這般一交待,寒冬臘月的守在家門子裡也無事可幹,巖鎮那邊閒著的村戶、媒人便到赤山來訪親說媒,這邊的民戶呢,見著巖鎮的人屢屢過來,得曉了關口大開,也過去走親戚,然則兩邊的人不同的是,巖鎮是來探望親戚,赤山這邊過去是衝著借米借糧去的。

兩頭一走動,方才曉得兩邊的日子不過一兩年間,竟是發生了翻天覆地的變化。

從前誰人說起都要搖頭砸吧一句窮、偏的巖鎮,這般隆冬雪月裡,家家都囤著燒用不完的柴火,農家土坯壘得屋,走進去也暖和的跟春月裡似的,灶下的炭就沒見熄過。

戶戶都在吃一種圓不熘秋的地果子,這家洗了灶上燻著的臘肉燒來做招待,那家把地果子蒸熟了搗成羮,捏碎了熟雞子和進去,像是糕點似的。

哎呀,家家戶戶都有花樣來鑽研地果子的吃法,左右都是弄得又香又糯不說,可頂飽得很,兩小碗下肚皮,早間走著來,晚間走著回去也都不餓。

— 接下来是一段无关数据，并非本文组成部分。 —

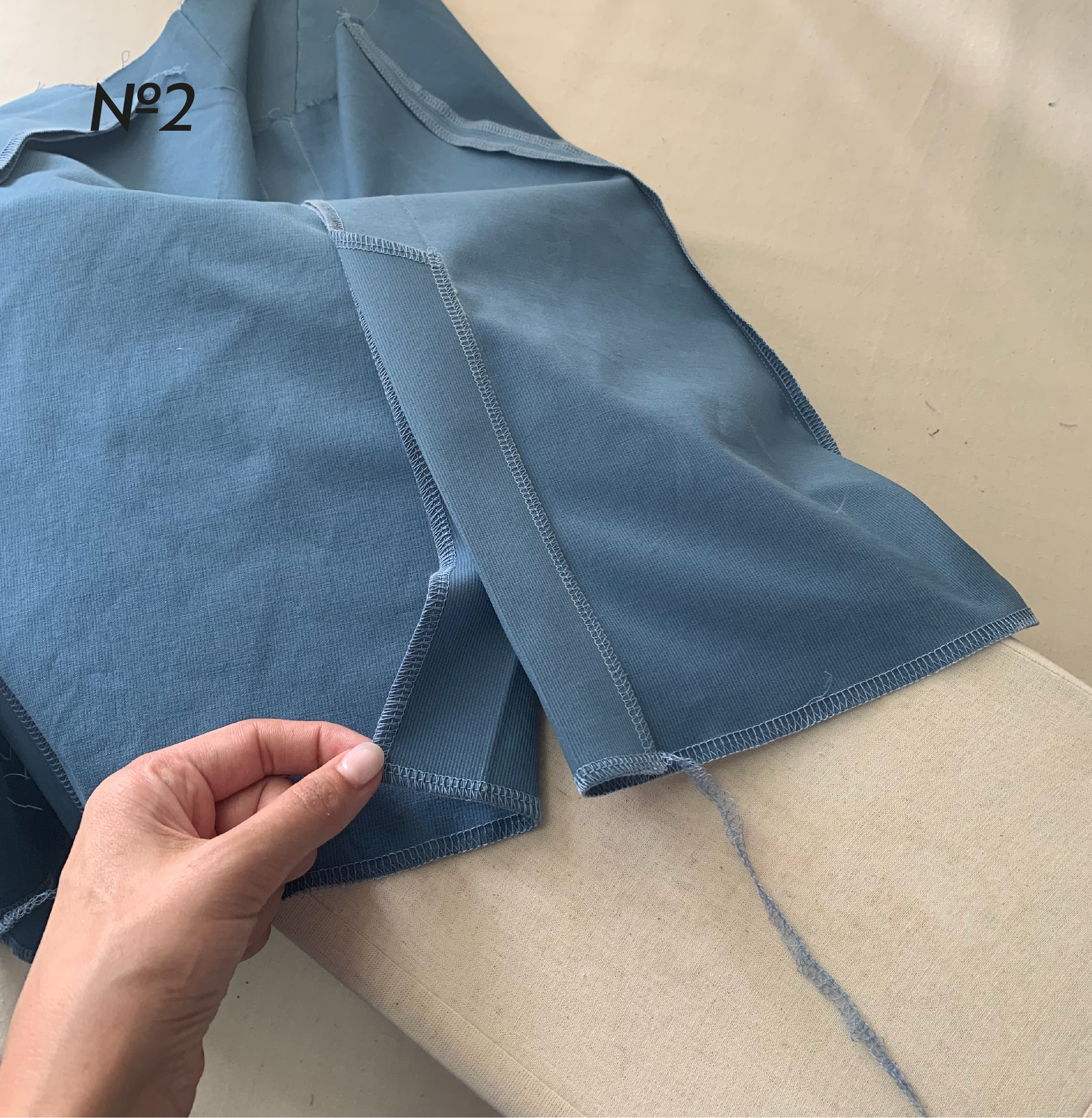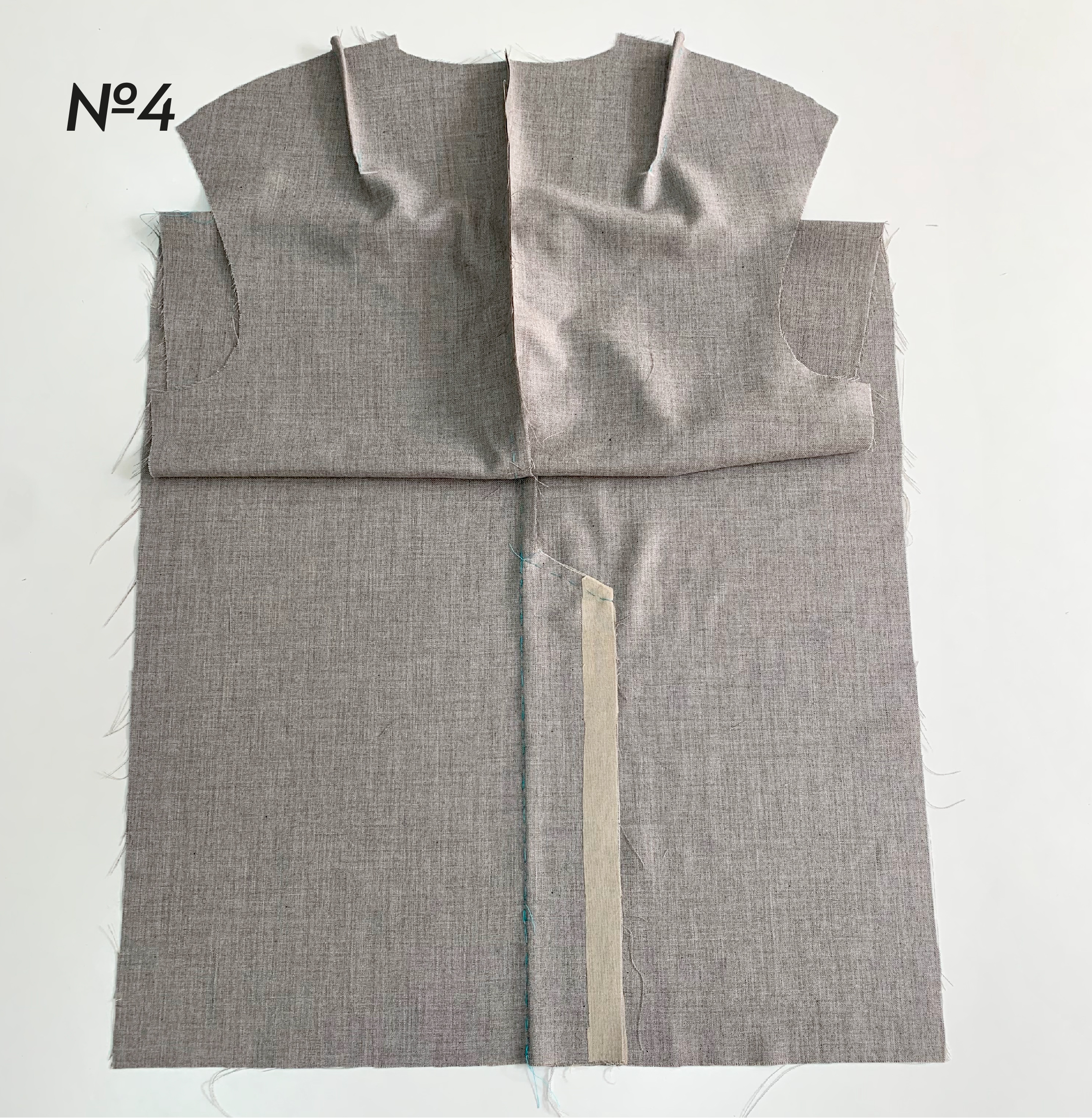 2. Стачайте шов, в котором она расположена. На участке шлицы шов сметывается или стачивается временной строчкой. Стежок увеличьте до максимального значения. Заутюжьте шлицу на левую половинку спинки (если посмотреть с изнаночной стороны, то направо (фото 4)).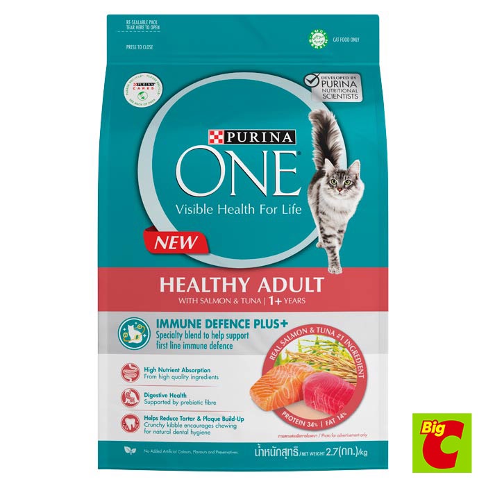 เพียวริน่า วัน เฮลตี้ อะเดาท์ อาหารแมวชนิดเม็ด สูตรผสมปลาแซลมอนและทูน่า 2.7 กก.

以前瞧不起巖鎮的,閉口不敢再說一句不是,只挑了眼兒的這看了又那看:“這亂的世道,吃人的天時,怎就還把日子越過越好了?”

巖鎮的民戶見著赤山的親戚來了家裡一改往時的派頭,心中那是止不住的得意:“還不是俺們衙司上幾位大人得力,啥事兒都替俺們想得周到,俺們就啥都不肖操心,依著大人的話耕地,種地果子,通溝,這不就過成現在的模樣了嘛。”

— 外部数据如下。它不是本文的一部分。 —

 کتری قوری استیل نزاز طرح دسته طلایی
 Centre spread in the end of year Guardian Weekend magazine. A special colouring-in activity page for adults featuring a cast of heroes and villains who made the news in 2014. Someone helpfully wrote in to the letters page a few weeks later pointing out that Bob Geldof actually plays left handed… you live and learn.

“你們也別急嘛,不是說倆鎮子要合併麼,俺們大人去你們那頭主事了,你們別跟大人強,他們喊幹啥就幹啥,日子一準兒差不了。”

這不,兩頭的民戶一來往,日子有了差別,村戶們有的看著了,有的聽著了巖鎮的日子好,再見著那些退伍計程車兵大罵衙司的人別有用心,已是有了自己的腦筋,不信他們的話了。

有幾個農戶去巖鎮的親戚家裡藉著了糧食,都還盼著日子真能似巖鎮那邊的親戚說的,聽衙司大人的安排重新過得好起來,見不得這些個逃兵光蹦躂卻不見給人半分好處,便偷摸兒的去告了官。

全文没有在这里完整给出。